Task instructions:
Once you reach the line with "de vitalité. |", copy it and every line after it exactly, up to the end of the data. Omit the pictures.

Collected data
====

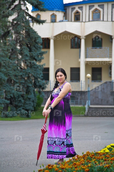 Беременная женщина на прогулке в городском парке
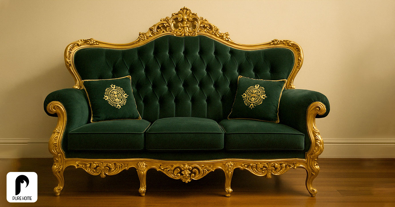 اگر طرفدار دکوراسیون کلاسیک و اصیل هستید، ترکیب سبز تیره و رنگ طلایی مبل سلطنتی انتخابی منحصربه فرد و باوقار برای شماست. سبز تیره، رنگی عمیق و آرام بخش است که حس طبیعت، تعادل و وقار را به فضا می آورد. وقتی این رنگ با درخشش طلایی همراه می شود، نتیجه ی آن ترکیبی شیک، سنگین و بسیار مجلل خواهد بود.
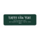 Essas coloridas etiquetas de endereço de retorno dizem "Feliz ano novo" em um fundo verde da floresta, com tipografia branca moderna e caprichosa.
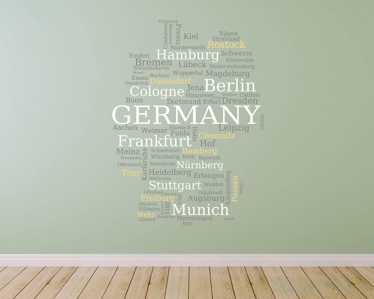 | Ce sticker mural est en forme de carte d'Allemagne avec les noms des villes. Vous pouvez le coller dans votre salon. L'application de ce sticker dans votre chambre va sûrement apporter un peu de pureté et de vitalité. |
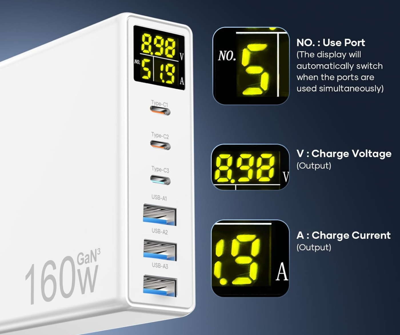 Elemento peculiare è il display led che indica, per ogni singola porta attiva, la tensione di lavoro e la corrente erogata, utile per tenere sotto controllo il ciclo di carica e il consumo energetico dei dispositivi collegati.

====

Result of this task:
 | Ce sticker mural est en forme de carte d'Allemagne avec les noms des villes. Vous pouvez le coller dans votre salon. L'application de ce sticker dans votre chambre va sûrement apporter un peu de pureté et de vitalité. |
 Elemento peculiare è il display led che indica, per ogni singola porta attiva, la tensione di lavoro e la corrente erogata, utile per tenere sotto controllo il ciclo di carica e il consumo energetico dei dispositivi collegati.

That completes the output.